Pairing music and  painkillers  improves pain and inflammation by 70-90%, finds a study

New research has found that pairing music and painkillers – with one of four selected pain medications – offered a promising complementary strategy to treat pain.
The pain medication particularly, the ibuprofen-music pair improved analgesic outcomes in an inflammation pain mouse model by more than 90 percent.
The results of the study were published in the journal Frontiers in Neurology.
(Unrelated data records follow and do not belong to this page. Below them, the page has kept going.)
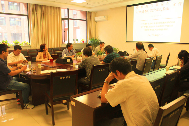 按照学校党委批示,全体与会干部认真学习了中共教育部党组、中纪委驻教育部纪检组“关于中管高校党员干部教师违反中央八项规定精神问题典型案例的通报”和“关于南京大学党委、纪委履行职责不力问题的通报”。
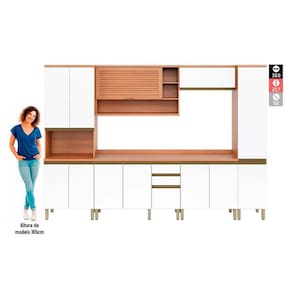 Cozinha Completa Thela Macadâmia 6 Peças (2Aéreos+2Balcões+1Paneleiro) CZC26 Freijo/Branco - Telasul
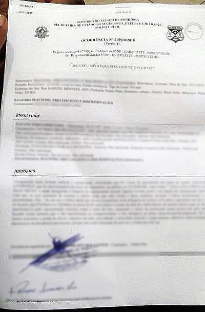 O comissionado Arnaldo Lourenço, conhecido por ´Buiu´ - foi denunciado no 8º DP de Porto Velho pela servidora pública municipal Ravane Fernandes Lima por racismo, preconceito e discriminação (consumado).

When paired with music, ibuprofen reduced pain responses in the inflammation pain model by 93 percent, as compared to the drug alone

The therapeutic effect of music has been previously found to be beneficial in patients with epilepsy.
The researchers evaluated this new strategy of pairing music with one of the four selected painkillers in mice using an inflammatory pain model and one that mimics surgical pain. One group of mice was exposed to ambient noise while the music-intervention group listened to three three-hour segments of Mozart for 21 days.
The study was conducted to explore pairing music with ibuprofen (25 mg/kg), cannabidiol (100 mg/kg), levetiracetam (400 mg/kg) and the galanin analog NAX 5055 (4 mg/kg).
Both the control and music groups received one suboptimal dose (less than the therapeutic dose) of each drug to evaluate the analgesic effect of music in the pain models.
When paired with music, ibuprofen reduced pain responses in the inflammation pain model by 93 percent, as compared to the drug alone. In addition, music and cannabidiol or NAX 5055 reduced swelling by 21 and 9 percent, respectively in the inflammatory pain model. Music alone also reduced pain by 77 percent in the surgical pain model.
This study adds to the growing evidence that music interventions can alleviate pain when administered either alone or in combination with other therapies.
The study did not explore pain caused by nerve injury (neuropathic pain) or the effect of music volume and duration.
“If we could package music and other nonpharmacological therapies into mobile apps and deliver them with drugs and it works, it will be better than drugs alone,” said lead author Grzegorz Bulaj, Ph.D., associate professor in Medicinal Chemistry at U of U Health. “It is exciting to find new ways to improve pain treatments.”